Here we are again. Leaving one place, starting fresh in another. I wish I could say that I’ve developed a habit, a coping mechanism for dealing with uprooting myself in this way, but I really haven’t. Each one is different, each goodbye. The circumstances of my leaving, my emotional state, the people I leave behind are never the same.
But two things never change: the promises that I will return one day, and that I will stay in touch. Now I won’t sugar-coat it and say that I’ve kept every single one of these promises, that I’ve stayed in touch with every single person. But I have returned, even if it’s only for a couple days, and I have kept in touch, even if it’s only to Like something you’ve posted on Facebook. So in that respect, goodbye is never goodbye, it’s merely a shift in our relation to each other. The end of one era is always the beginning of the next, and in the Information Age, we can be close even if we are miles apart.
So this isn’t goodbye, Manchester. This is me celebrating an amazing three years in a charismatic city, full of fascinating people and unforgettable events. It was not easy, studying for a degree in a foreign country, far from both my familiar, comfortable past in the US and the compelling future I wanted for myself in China. At times it seemed impossible, and I would find myself asking why I had chosen this for myself, when perhaps I could have taken an easier path. But here I am, alive and (hopefully) wiser than when I started, brimming with memories, feeling a little sad, a little happy, but mostly proud. Thanks for a great run everybody, and I’ll catch you on the other side of all these airplanes!
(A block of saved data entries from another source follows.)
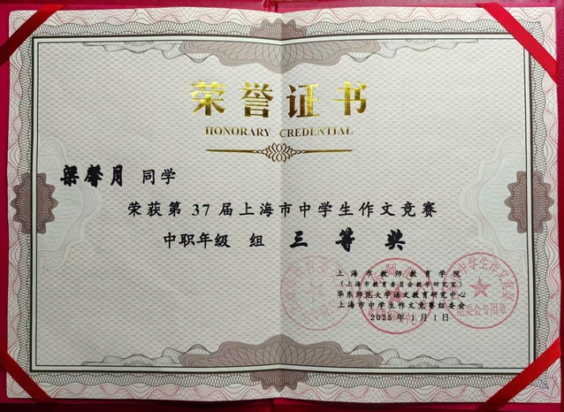 2025年3月8日以“文字记录青春,阅读点亮未来”为主题的第37届上海市中学生作文竞赛颁奖大会圆满举行。我校23级美术专业梁馨月同学在激烈竞争中脱颖而出,荣获中职组三等奖。
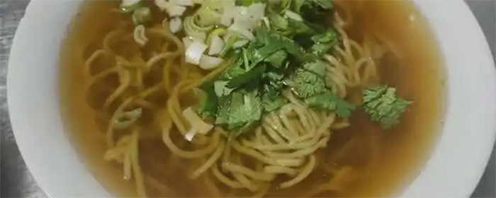 5、用勺子舀一勺面汤加入之前兑好的汤料碗中,放入捞出的抿曲,撒葱花、香菜即可。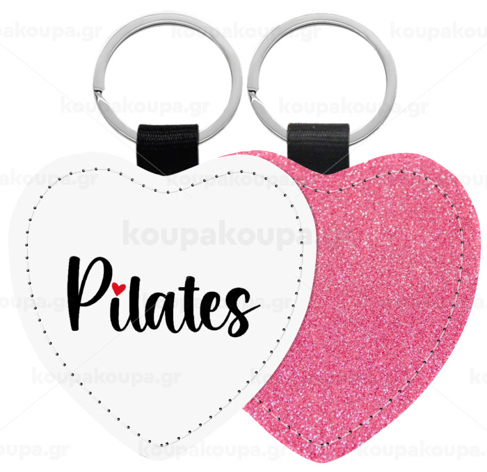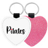 Pilates love, Μπρελόκ PU δερμάτινο glitter καρδιά ΡΟΖ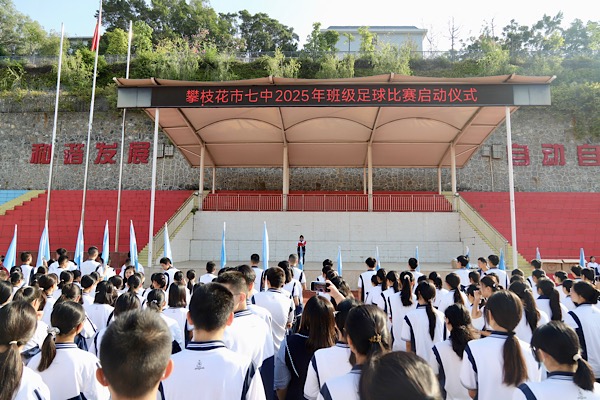 2025年10月27日上午,市七中花城与西城两校区同步举行班级足球比赛启动仪式。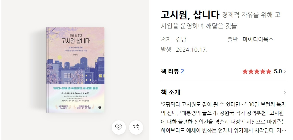 안녕하세요! <따로 또 같이 고시원, 삽니다>의 저자 진담 작가입니다.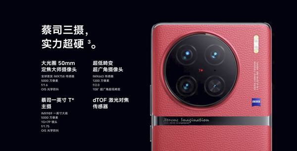 5000万像素蔡司主摄:采用了与索尼黑卡等一众专业相机同尺寸的传感器,面积相较上一代GNV提升了77%,能够轻松捕获更多的光线,提升成像品质。5000万像素大光圈50mm定焦大师摄像头:拥有出色的虚化能力,在拍摄人像画面时,能够提供更具专业质感的成像效果。1200万像素超低畸变超广角摄像头:为用户提供了更广阔的拍摄视角。蔡司T*镀膜与ALC亚波长仿生结构镀膜:所有镜头均采用了蔡司T*镀膜,同时在主摄上引入了ALC亚波长仿生结构镀膜,能够进一步提升镜头的抗眩光、鬼影性能,帮助相机输出更纯净的画面。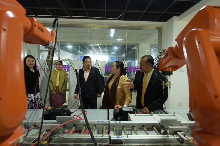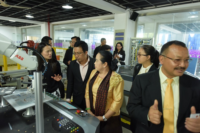 接下来,永利官网党委书记田钦与塔维塞·库桑院长、冲普努·波邦松女士、庄雷先生共同为中泰申谷学院揭牌。揭牌仪式后,双方共同参观了机械与能源工程学院、电子技术与工程学院实训场所。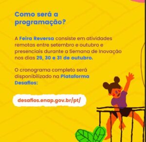 Serão selecionadas a participar da Feira Reversa 5 equipes, que participarão de 3 oficinas de capacitação e 5 sessões de mentorias online, além da apresentação de pitches individuais presenciais em Brasília, com transmissão online, para apresentação do desafio público durante a Semana de Inovação 2024.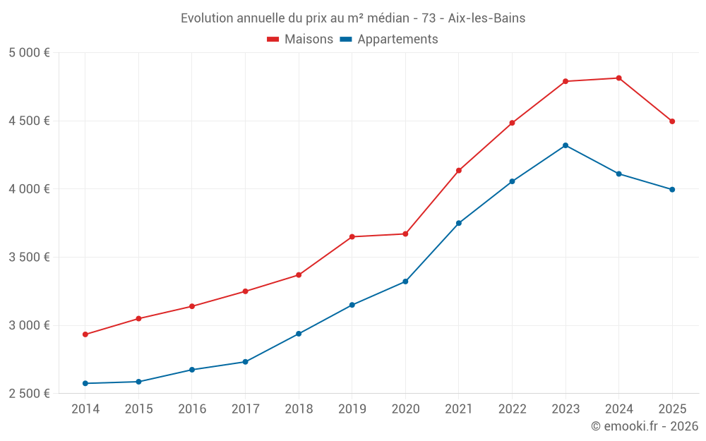 Le prix médian sur les 28 transactions de maisons des 3 derniers mois dans la commune d'Aix-les-Bains était de 4 534 € par mètre carré pour une valeur foncière médiane de 420 100 €. Sur cette période 60% des transactions se sont situées entre 3 196 et 5 426 € par mètre carré (du 2ème au 8ème déciles).

I hope more of you will follow this blog. I’ll try to flog it a little more, linking to it on Facebook, Tumblr when I can. I will be moving to China, so my presence on a lot of sites will depend on my internet access. I’m going over for an internship, and while I don’t know all that much about my exact role, as far as I can tell it will involve teaching and general intern slave-work. After having done a degree in Chinese, I worry a little about the accuracy of my own English when I teach, but the confidence lacking there is supplemented by my assuredness that I will be able to navigate my way around China without much difficulty. I will be located in China’s heartland, either Chengdu or Chongqing. I’m hoping this means I’ll have ample opportunity to participate in Hongmeigui caving expeditions, and/or travel to more of western China. See, I’m already talking about the future. I can’t wait to share all of my new adventures with you, Manchester!